# courses landing online jobs?



## traceur (Jan 19, 2012)

what can i study that would help me get online jobs that i could have income wherever i am in the world? any ideas?


----------



## RebeccaAGray_85 (Jan 23, 2012)

There are many types of online jobs. You could do writing or take an IT approach. It depends what you want to do. If you think you would be better suited for IT, you could study computer science or information systems. If you would like to do something more creative, you could be a writer for a blog. There are also sales jobs on the internet so, if you could elaborate on your strengths and passions I could give you more advice.


----------



## Just_Some_Guy (Oct 8, 2009)

The future will be shifting to more and more online teaching. If you like a subject, get an MA in it. You can teach at most universities with an MA. Next, figure out where the online courses are and get to work.


----------



## TAHTGUY (Jun 19, 2011)

What about computer programming? Anybody is freelancing on computer programming? Any website you can suggest for starters? I have learned some VBasic like 2 years back, but well it's not relevant. 

Ideally I want to learn and make some extra cash with it.


----------



## traceur (Jan 19, 2012)

RebeccaAGray_85 said:


> There are many types of online jobs.
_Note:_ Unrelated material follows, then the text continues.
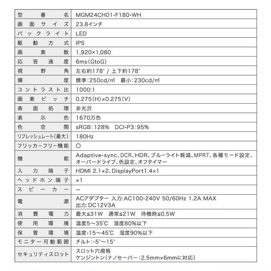 ジェネリック家電ブランド「MAXZEN」を展開するマクスゼン株式会社(本社:東京都江東区、代表取締役社長:清水敏光)は、ゲーミングモニター(MGM24CH01-F180-WH)を、2025年12月25日より発売します。

You could do writing or take an IT approach. It depends what you want to do. If you think you would be better suited for IT, you could study computer science or information systems. If you would like to do something more creative, you could be a writer for a blog. There are also sales jobs on the internet so, if you could elaborate on your strengths and passions I could give you more advice.
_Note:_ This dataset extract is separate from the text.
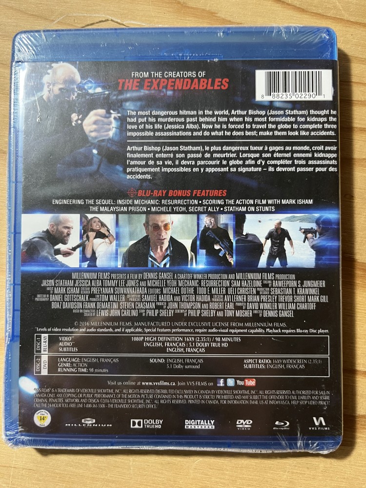 In this 2016 action thriller directed by Dennis Gansel, master assassin Arthur Bishop is forced out of retirement to complete a series of impossible assassinations. The film stars Jason Statham, Jessica Alba, and Tommy Lee Jones.
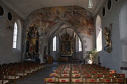 Das Kircheninnere zeigt im Langhaus über den Spitzbogenfenstern über einem Gesimsband eine Flachbogentonne. Der Chorbogen ist eingezogen und abgefast. Der eingezogene einjochige Chor mit einem Fünfachtelschluss hat ein Netzrippengewölbe mit einfach gekehlten Rippen auf Konsolen mit Masken und Wappen, von links nach rechts eine Fratze, ein österreichisches Bindenschild, einen Cherubskopf, eine Blattkonsole mit 1540, eine Fratze und ein bärtiger Kopf. Die runden Schlusssteine zeigen ein Relief hl. Ulrich und den Doppeladler.

i am trying to get stuff published in existing well established online magazines... so far i have being getting good feedback on the creative side but i need to work on the journalistic side, because, you know, credibility is apparently still a thing. the reason i am going for that rather then a blog is that this actually has a much better potential to pay, financially.

but still, i am looking for a backup plan.


----------